- _Task instructions_
Search the material below for "beautiful" and copy every line where it occurs.

Segment Start: Data supplied

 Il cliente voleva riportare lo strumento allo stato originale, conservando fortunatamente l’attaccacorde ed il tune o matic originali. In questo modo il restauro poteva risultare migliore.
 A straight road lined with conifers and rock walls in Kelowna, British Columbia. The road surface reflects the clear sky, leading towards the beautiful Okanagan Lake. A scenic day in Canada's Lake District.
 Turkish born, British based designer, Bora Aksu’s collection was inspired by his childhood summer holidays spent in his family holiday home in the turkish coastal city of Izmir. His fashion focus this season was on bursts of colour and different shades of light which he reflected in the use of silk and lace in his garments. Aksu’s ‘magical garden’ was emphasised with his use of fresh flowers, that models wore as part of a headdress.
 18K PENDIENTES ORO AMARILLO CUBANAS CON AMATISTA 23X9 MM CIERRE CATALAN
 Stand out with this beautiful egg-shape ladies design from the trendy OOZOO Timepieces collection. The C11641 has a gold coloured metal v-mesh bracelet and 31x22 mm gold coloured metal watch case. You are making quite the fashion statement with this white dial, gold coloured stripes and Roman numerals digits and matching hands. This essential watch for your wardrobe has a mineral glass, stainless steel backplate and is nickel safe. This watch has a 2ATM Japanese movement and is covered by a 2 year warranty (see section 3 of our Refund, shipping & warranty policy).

Segment End: Data supplied
Segment Start: Data supplied

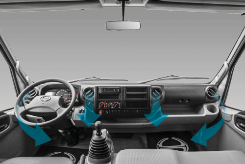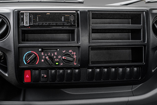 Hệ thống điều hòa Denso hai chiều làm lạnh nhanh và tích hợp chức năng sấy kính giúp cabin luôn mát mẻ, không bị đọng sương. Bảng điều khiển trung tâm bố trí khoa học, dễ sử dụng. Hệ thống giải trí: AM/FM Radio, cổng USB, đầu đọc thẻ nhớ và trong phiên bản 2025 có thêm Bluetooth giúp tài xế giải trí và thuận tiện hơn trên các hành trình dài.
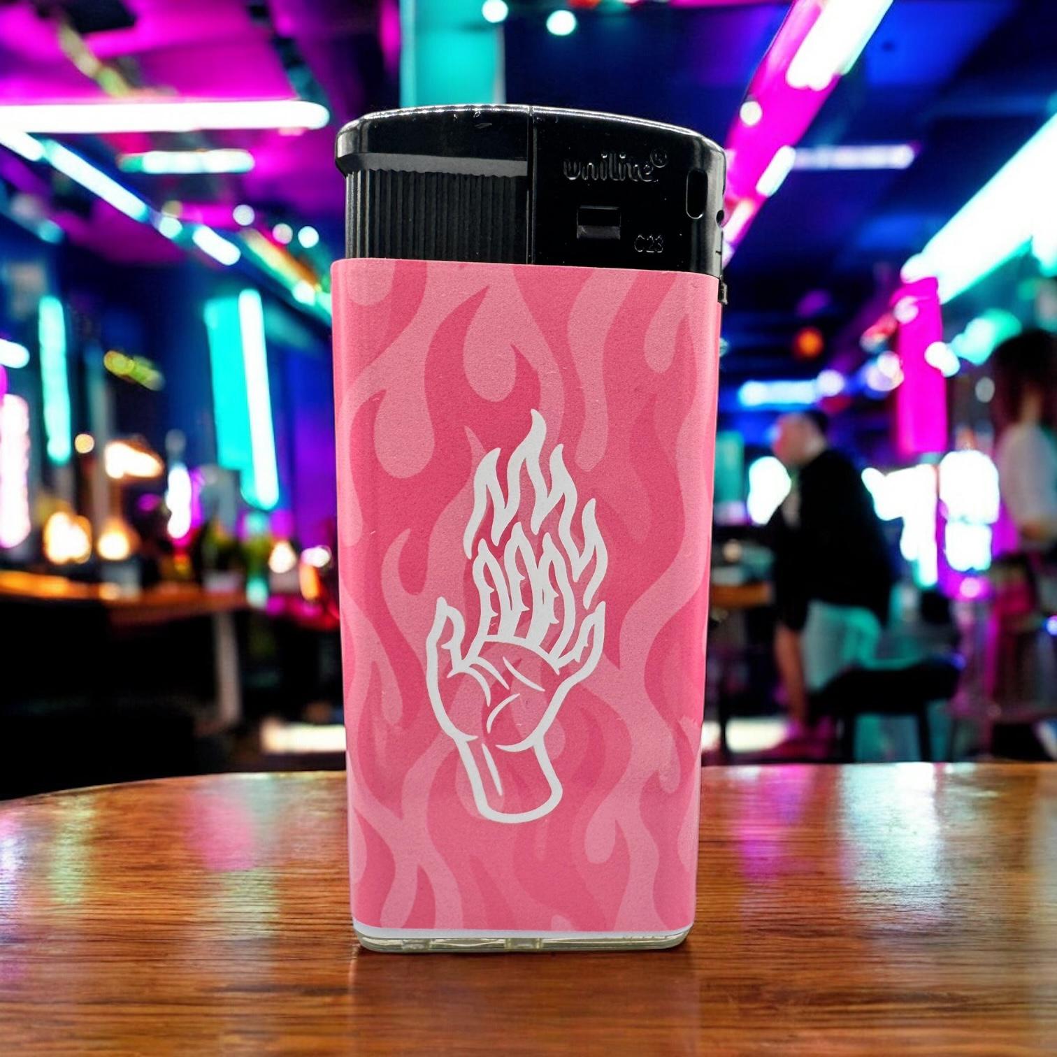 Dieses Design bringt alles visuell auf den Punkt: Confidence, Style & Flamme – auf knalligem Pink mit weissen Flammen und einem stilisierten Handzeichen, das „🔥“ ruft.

Segment End: Data supplied

- _Answer to this problem_
 A straight road lined with conifers and rock walls in Kelowna, British Columbia. The road surface reflects the clear sky, leading towards the beautiful Okanagan Lake. A scenic day in Canada's Lake District.
 Stand out with this beautiful egg-shape ladies design from the trendy OOZOO Timepieces collection. The C11641 has a gold coloured metal v-mesh bracelet and 31x22 mm gold coloured metal watch case. You are making quite the fashion statement with this white dial, gold coloured stripes and Roman numerals digits and matching hands. This essential watch for your wardrobe has a mineral glass, stainless steel backplate and is nickel safe. This watch has a 2ATM Japanese movement and is covered by a 2 year warranty (see section 3 of our Refund, shipping & warranty policy).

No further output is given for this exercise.